Work task —
Go to the line with "具体权限开通,也可访问这里链" in the entries below and write out every line from there through the line with "Популярная шерстяная верхняя", exactly and without pictures.

Recorded information —
:::
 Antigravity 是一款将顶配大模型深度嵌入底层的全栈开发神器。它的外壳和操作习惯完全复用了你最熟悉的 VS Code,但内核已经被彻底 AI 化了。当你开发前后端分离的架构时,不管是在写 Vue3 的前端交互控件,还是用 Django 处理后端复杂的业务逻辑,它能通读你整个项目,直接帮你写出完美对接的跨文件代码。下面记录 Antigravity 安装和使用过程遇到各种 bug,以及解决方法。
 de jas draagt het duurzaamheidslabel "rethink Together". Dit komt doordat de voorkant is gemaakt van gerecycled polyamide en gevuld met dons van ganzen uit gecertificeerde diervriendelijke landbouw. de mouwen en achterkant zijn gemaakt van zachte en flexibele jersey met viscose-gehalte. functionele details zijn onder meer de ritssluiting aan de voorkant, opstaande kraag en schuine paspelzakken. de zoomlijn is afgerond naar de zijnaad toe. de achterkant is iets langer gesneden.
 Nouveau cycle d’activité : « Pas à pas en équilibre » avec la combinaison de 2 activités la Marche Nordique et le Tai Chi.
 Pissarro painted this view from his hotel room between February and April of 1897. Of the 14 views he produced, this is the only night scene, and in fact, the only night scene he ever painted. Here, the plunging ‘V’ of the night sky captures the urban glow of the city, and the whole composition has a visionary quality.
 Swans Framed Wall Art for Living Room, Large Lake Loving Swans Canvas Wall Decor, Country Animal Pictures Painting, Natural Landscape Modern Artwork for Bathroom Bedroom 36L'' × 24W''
:::
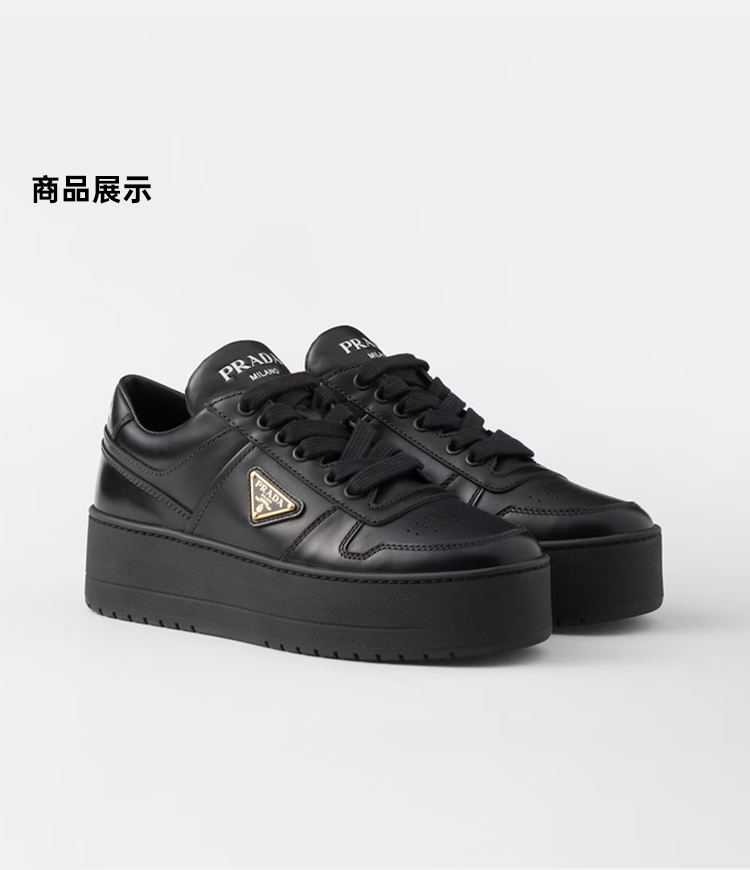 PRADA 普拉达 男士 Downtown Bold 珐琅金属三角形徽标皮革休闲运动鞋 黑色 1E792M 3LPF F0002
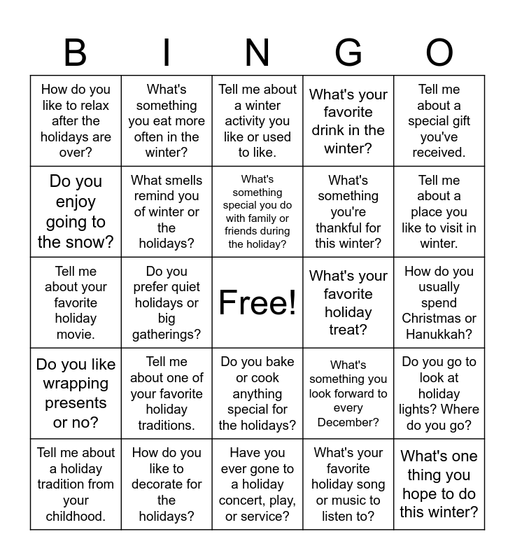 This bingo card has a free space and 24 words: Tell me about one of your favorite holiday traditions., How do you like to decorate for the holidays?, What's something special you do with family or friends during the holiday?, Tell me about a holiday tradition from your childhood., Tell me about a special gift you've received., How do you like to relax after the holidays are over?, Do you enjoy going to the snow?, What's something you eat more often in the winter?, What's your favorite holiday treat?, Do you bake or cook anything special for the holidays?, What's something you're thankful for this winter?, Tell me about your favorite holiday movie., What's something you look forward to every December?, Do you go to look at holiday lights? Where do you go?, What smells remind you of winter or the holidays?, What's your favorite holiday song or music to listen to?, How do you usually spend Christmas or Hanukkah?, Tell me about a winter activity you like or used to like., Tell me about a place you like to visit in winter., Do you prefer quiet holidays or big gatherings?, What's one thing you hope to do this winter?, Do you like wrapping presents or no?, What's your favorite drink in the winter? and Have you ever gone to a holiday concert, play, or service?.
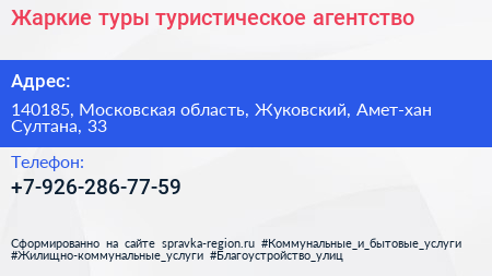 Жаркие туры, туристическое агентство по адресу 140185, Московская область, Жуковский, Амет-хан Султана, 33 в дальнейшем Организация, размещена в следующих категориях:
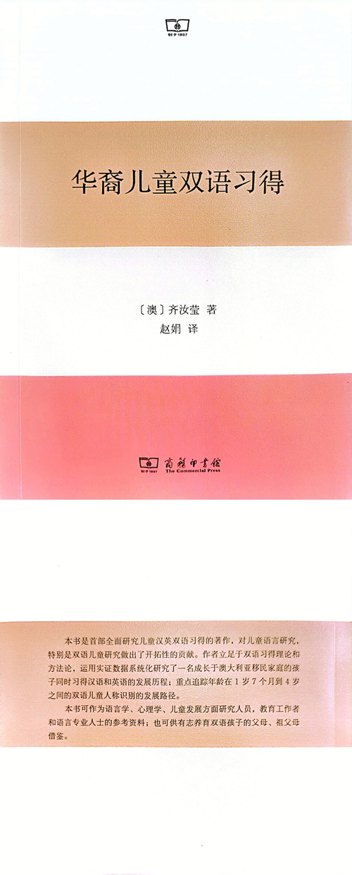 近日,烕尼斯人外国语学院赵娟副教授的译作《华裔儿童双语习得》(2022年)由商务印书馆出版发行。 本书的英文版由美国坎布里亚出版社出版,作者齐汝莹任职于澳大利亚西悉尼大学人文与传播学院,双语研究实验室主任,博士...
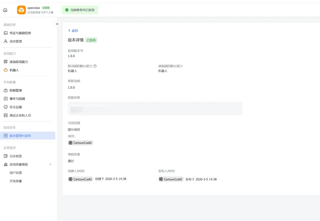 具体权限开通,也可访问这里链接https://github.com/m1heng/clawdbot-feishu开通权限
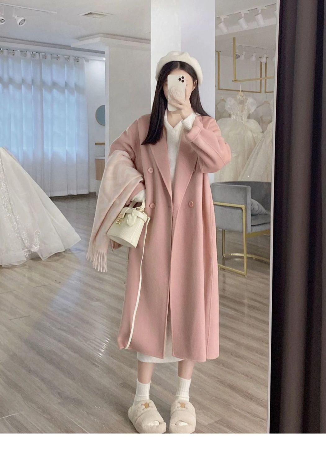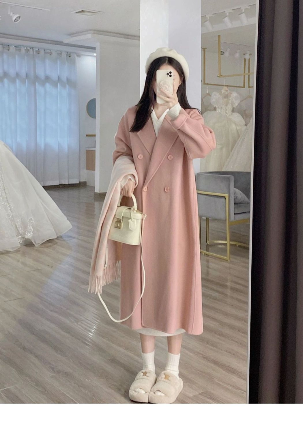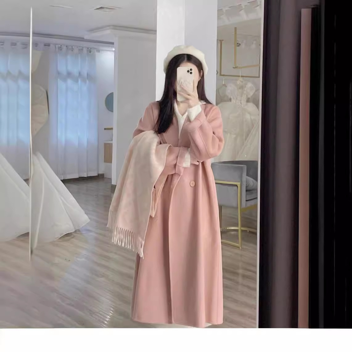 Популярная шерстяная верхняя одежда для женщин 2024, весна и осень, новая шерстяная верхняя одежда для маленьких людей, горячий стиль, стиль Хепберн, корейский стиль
:::
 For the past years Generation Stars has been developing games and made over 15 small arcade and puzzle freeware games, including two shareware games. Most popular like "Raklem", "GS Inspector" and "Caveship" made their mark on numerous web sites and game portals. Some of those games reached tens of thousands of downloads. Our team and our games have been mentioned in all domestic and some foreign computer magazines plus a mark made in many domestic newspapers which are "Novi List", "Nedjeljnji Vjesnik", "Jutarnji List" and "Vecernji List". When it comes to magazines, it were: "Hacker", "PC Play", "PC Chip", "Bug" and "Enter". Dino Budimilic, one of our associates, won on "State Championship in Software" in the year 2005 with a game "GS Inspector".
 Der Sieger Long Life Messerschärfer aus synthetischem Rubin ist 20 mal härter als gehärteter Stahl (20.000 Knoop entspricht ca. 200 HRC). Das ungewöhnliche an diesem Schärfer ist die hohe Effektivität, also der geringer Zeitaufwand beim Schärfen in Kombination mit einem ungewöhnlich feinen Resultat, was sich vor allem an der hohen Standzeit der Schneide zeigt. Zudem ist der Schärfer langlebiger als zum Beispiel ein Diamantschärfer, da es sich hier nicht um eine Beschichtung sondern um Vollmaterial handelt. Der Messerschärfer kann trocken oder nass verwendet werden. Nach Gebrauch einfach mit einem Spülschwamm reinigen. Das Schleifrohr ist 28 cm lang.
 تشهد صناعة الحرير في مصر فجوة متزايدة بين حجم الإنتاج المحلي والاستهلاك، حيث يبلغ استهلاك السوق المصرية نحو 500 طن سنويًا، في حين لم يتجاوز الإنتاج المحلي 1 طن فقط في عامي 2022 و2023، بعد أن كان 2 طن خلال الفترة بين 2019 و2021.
:::
Task answer —
 具体权限开通,也可访问这里链接https://github.com/m1heng/clawdbot-feishu开通权限
 Популярная шерстяная верхняя одежда для женщин 2024, весна и осень, новая шерстяная верхняя одежда для маленьких людей, горячий стиль, стиль Хепберн, корейский стиль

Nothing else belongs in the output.